In many professional setups, B2B but also B2C one of the results of a test case may very well be a PDF. With baangt test automation tool you may go beyond the assertion, whether a PDF-File was created. baangt enables you to also perform PDF comparison during your regular test automation! No extra costs, no premium fees. PDF comparison works out of the box, is simple, fast and easy to setup. You may thank me later!

What is a PDF and why is it so widely used?

PDF (Portable Document Format) is a file format, that pretty much guarantees, that the contents of a file show up on each device pretty much exactly as they should. Especially in older times WYSIWIG (What You See Is What You Get) was a nice theory, but rarely worked. Missing fonts on one device, different color schema on another device and many more problems led to documents looking different on different devices. Adobe was able to fix this problem once and for all. PDF was and is the solution to that problem. Moreover PDF files can not be easily changed, so for instance an invoice, that is stored in PDF format can be usually assumed to be still the original document.

That’s two main reasons (same layout on practically all devices and rather difficult to edit) which makes PDF format still great for B2B and B2C communication when more or less official files are needed.

Why do we need PDF comparison in test automation?

Think about a scenario, where a customer places a sales order. You automate this scenario. Everything works. You use baangt test data generator to generate 1000 different permutations of sales orders. 1 to 10 products, different quantities, different shipping addresses. All great. In the test case definition you created an assertion to make sure the invoice PDF document downloads after clicking the download button. You also manually tested the invoice generation via PDF and saw a satisfying result. That was 2 weeks ago. Today we want to ship the latest software version to production.

Often the pure download is not enough – we need to compare PDF files!

In the above scenario there is a major risk included – a disaster waiting to come. I’ve seen it countless times. Empty PDF-files or files without or a wrong a recipient. Files with wrong sender information, wrong logo, wrong address. Invoices with negative amounts. Invoices without any sum. The list goes on.

Which ways of PDF analysis exist in test automation?

One way is to develop the desired logic of the print program again in your test automation suite. Obviously that’s not an easy task to do. Also whenever you change the logic in the original print program, you’ll change the logic in the test automation tool too. Tedious, expensive, error prone, but if you can invest that kind of effort, time and money for sure a very good approach!

For sure there is also an AI for that job. Cool, talented startups develop something, that is able (is it?) to distinguish between a desired change in design or content an a real bug. We have heard the claims. We have seen breathtaking demos. Endless opportunities, TCO near zero! Let the AI handle it. I for one have never seen a working installation. Usually 2-3 months in, it gets a bit quiet in such projects. A year later the promising new approach is demoted to “a Proof-of-conept, which didn’t turn out as expected”.

The baangt way is simply PDF comparison!

Another common way is PDF comparison. Take one (or more) reference document and mark areas to ignore between this version of the document and it’s later versions. A good example of such an area is a date field. Dates will change between the reference document and a later test run.

Once these areas are out of the way you can use both versions of this PDF and compare the remaining document with the result of a later test case.
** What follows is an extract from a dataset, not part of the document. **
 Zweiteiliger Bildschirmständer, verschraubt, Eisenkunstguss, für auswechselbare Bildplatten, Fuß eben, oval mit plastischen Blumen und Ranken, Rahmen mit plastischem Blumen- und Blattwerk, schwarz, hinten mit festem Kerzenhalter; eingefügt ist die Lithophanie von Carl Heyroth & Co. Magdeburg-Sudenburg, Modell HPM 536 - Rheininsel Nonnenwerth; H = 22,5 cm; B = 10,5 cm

This method is not as accurate as writing the overall logic again. But it is faster, cheaper and if you do it right, will give you early enough indications about a potential problem. Also you can easily exchange the reference document with a new version, for instance if the sender’s address changes. Also if marketing decides, that it is time for a fresh look: Just replace the reference document.

How does PDF Comparison work in test automation suite baangt?
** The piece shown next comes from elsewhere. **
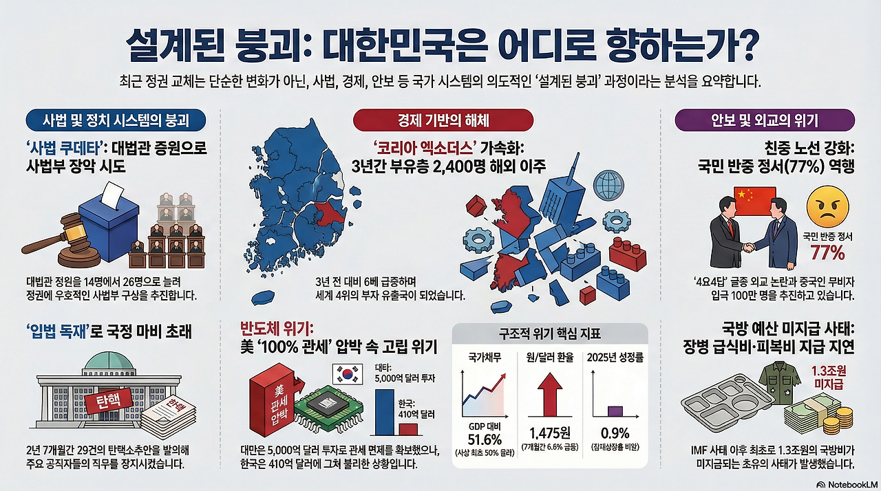 결국 질문은 하나로 귀결된다. 이 모든 것이 단순한 정책 실패의 누적인가, 아니면 의도된 국가 해체 프로젝트인가. 그리고 그 설계의 배후에는 누가 있는가.

It’s pretty straight forward. As a first step you’ll need to have a so called reference PDF. That’s the original file, which you want later test cases to compare to. You upload this file to your local baangt PDF Comparison file store. Either on your computer, in your local network or in the cloud.

In the next step you provide the REGEX for irrelevant areas. Regular expressions are an incredible powerful tool for identifications of strings based on patterns. Provide one string for each area, that should be ignored during PDF comparison.
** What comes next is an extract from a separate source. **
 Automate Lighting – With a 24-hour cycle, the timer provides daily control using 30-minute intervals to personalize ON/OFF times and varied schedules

After saving the reference file, the application answers with an ID for this specific document. In the next step you need to have this ID. In your test case definition issue the activity ‘PDFCompare’ after a download. Baangt will automatically understand, which file is the latest download. In the column “Value1” enter the ID of the reference document. Thats it! Now you can execute the test run. Baangt shows differences in the column “PDF Comparison” of the result sheet. Also baangt automatically sets the test case status to “failed” when the result of the PDF comparison is unsatisfying.

To make your life even more easy, baangt produces 2 additional file versions for your manual analysis: 1 file showing the differences between the reference document and the copy and one file vice versa.

Of course PDF comparison works with the version concept, where we deal with different software states in different stages of your system landscape!

To get started use one of the examples in the baangt example folder.